Donations allow talented scientists and public health investigators to ask critically important questions affecting health in individuals and populations, explore their ideas and publish their findings. These donations are the life-blood of progress to an increasing quality of existence of people around the globe. In the interim, the educational activities will bring attention to the institution and further attract leading clinicians, scientists and administrators seeking an academic community striving for excellence in all facets of medicine.

What else should people know about COVID-19?

What we’ve learned about COVID-19 is that it is highly communicable and deadly, more so than seasonal influenza. It is transmitted by respiratory droplets, and 20% of infected “super-spreaders” account for 80% of transmissions, suggesting aerosol spread, not just large droplet transmission. The vast proportion of transmissions occur indoors, not outside. Masks, social distancing and contact tracing with quarantine of contacts work to limit transmission. With cases of infection and deaths rising internationally, and with currently rising rates in half of the states in our country, some at record levels, we need to fight our instincts to drop our guard and to resume public openings too soon and too casually.

What’s important to know about vaccines right now?

In the U.S. we have two highly effective and safe vaccines that are comparable (Pfizer and Moderna), available on Emergency Use Authorization. Three more vaccines may be accessible later in the year (Johnson& Johnson, AstraZeneca/Oxford, and Novavax ). For your health and the welfare of your community, please accept whatever vaccine becomes available to you - as soon as possible. 

How do you think the variants discovered in the United Kingdom and South Africa might effect our recovery from the pandemic?

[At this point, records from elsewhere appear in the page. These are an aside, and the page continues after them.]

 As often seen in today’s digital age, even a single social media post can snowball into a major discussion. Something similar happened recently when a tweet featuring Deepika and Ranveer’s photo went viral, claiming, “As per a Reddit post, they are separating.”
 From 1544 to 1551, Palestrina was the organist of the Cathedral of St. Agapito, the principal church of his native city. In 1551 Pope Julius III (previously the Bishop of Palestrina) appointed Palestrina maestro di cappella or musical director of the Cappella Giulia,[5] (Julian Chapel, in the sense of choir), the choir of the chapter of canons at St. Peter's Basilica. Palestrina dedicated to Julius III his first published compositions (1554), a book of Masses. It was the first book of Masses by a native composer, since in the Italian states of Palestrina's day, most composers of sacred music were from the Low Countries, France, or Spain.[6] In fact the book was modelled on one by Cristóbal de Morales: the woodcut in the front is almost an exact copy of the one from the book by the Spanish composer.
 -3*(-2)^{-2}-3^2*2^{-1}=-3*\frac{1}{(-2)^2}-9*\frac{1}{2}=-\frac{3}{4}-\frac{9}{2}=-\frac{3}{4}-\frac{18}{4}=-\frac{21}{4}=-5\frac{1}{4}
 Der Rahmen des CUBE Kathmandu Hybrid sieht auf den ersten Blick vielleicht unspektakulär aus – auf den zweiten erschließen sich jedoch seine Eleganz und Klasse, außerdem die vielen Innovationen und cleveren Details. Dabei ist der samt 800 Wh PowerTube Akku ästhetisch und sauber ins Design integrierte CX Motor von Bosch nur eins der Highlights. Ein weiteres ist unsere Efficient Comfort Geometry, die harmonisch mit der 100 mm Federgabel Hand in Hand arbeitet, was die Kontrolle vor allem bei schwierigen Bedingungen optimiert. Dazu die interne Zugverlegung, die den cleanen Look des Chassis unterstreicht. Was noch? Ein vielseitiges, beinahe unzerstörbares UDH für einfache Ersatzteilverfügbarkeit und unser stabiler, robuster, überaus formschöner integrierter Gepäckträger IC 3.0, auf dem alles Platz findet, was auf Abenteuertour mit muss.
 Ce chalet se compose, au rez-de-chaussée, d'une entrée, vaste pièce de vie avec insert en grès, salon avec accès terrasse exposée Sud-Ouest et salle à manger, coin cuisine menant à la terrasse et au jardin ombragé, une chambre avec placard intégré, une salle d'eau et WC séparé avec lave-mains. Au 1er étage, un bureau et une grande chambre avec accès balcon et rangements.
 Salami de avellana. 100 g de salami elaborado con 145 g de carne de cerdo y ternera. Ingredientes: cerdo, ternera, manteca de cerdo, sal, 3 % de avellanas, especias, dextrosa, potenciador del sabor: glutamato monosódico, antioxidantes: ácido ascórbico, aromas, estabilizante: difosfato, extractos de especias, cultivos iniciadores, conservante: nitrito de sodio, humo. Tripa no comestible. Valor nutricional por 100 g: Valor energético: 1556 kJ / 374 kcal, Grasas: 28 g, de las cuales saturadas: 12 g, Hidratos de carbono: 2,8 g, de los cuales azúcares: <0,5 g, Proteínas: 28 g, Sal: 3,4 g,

The U.K. variant is 30%- 70% more communicable than the currently circulating Covid-19 virus, so it is projected to be the dominant strain in the U.S. by mid to late March. It may also be more harmful than the current strain. The good news is that the two available vaccines are effective in preventing symptomatic infection from the U.K. variant. 

Of more concern are the variants from Brazil and South Africa. These strains transmit quickly and are not so well covered by the two vaccines available in the U.S. However, the vaccines from Pfizer and Moderna do prevent severe Covid-19 infection from both variants. If either one replaces the U.K. variant, however, we may see people who have been previously infected fall victim to a second Covid infection from the Brazil or South African strain. The antibodies to the current strain will not completely protect against the two new variants . 

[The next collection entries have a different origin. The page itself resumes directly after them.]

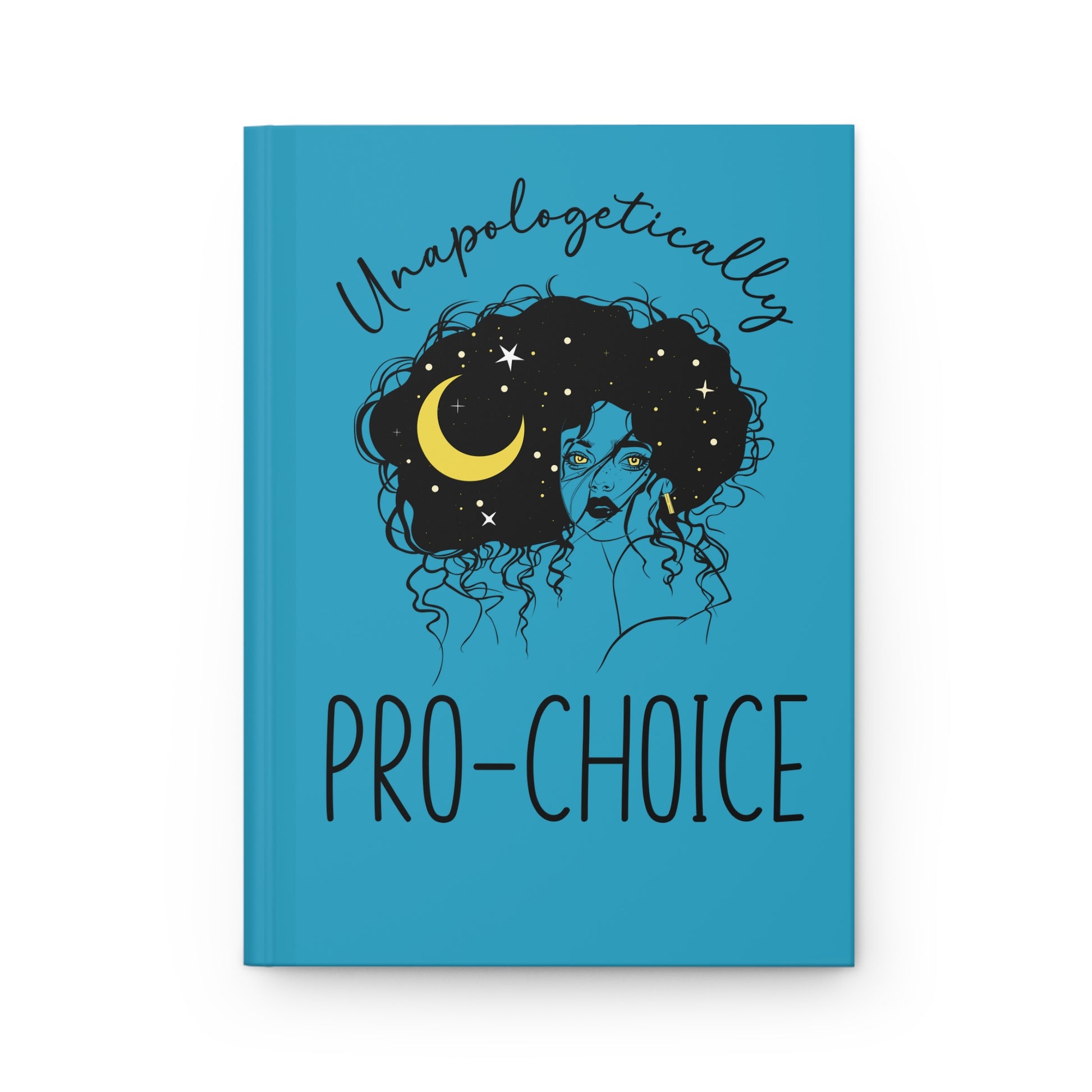 Pro-choice, pro women blank lined journal. This hardcover teal notebook holds bold beliefs and private thoughts alike. The design features a striking illustration of a cosmic-haired woman beneath a crescent moon, with the message “Unapologetically PRO-CHOICE.” It provides a safe, confident space to sketch plans, track emotions, or draft protest signs—compact enough to carry to rallies, coffee shops, or bedside desks.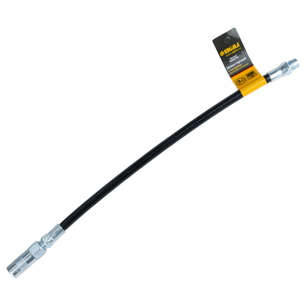 Описание Гибкий шланг с наконечником для шприц-масленки 8×300мм SIGMA код товару 6300731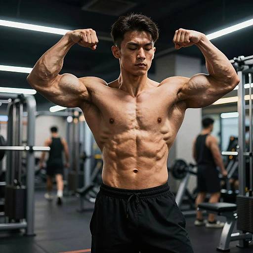full body, 1boy, solo, robust male form with deep cappuccino-toned skin, lustrous bronze hair and radiant hazel eyes teeming vigor, clenched hands, hands up, emphasis on anatomy, piercing stare, grey background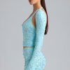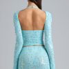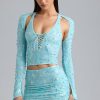 Ruched Mid-Rise Micro Mini Skirt in Ice Blue

By the end of this year, it is likely that we will have new Covid-19 vaccines available , effective against the two latest variants. Furthermore, in the next few years it is possible that along with our annual influenza vaccine, we’ll be offered the annual Covid-19 variant vaccine. 

What is most important for people to be doing right now to stay safe?

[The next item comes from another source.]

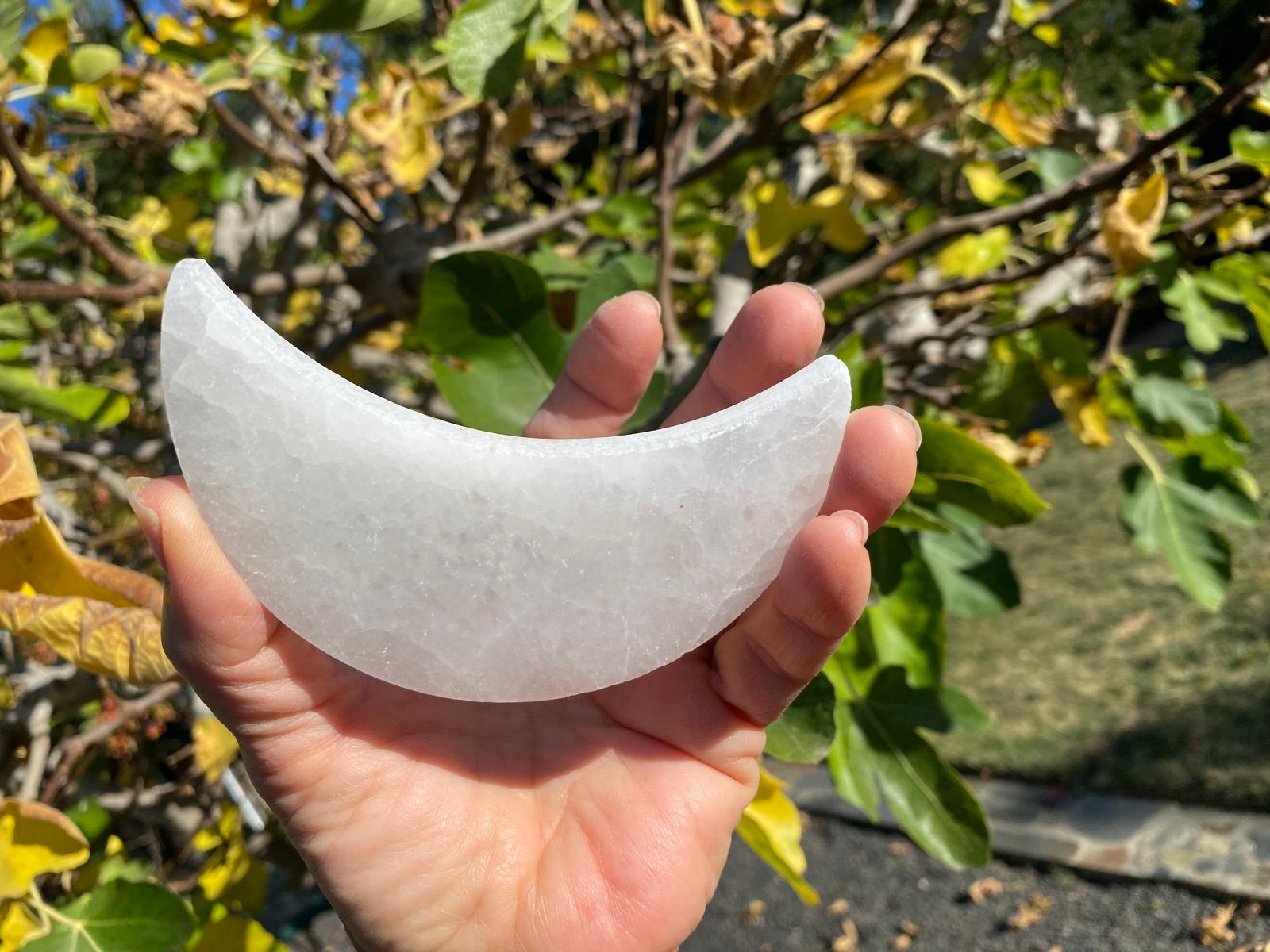 Selenite is believed to clear the negative energy of other crystals and enhance your connection with higher realms and facilitate a serene mental state. Place bowl in the sunlight, and lay your jewelry and small crystals in the bowl sweep the energy field to cleanse and purify your crystals.

For your safety and the well-being of your community, be sure to get any available vaccine as soon as possible. Until we have herd immunity and control the virus, continue to wear a mask in public, adhere to social distancing, and avoid indoor super-spreader events: parties, weddings, bars and others. 

Any words of encouragement for the rest of us?

Albert Camus, author of “The Plague” said, “Sometimes, carrying on, just carrying on, is the superhuman achievement.” By the end of summer we will have controlled the pandemic with the U.K. strain. Hopefully, it will not be replaced by a Brazil or South African variant. Schools and colleges will be open to in-person teaching. Many restaurants and entertainment venues will begin to open more widely, though you may be asked to show proof of vaccination or non-infection, and there will be less queueing: food, drink and time desired will be options on an cell phone apps for both entertaining and dining.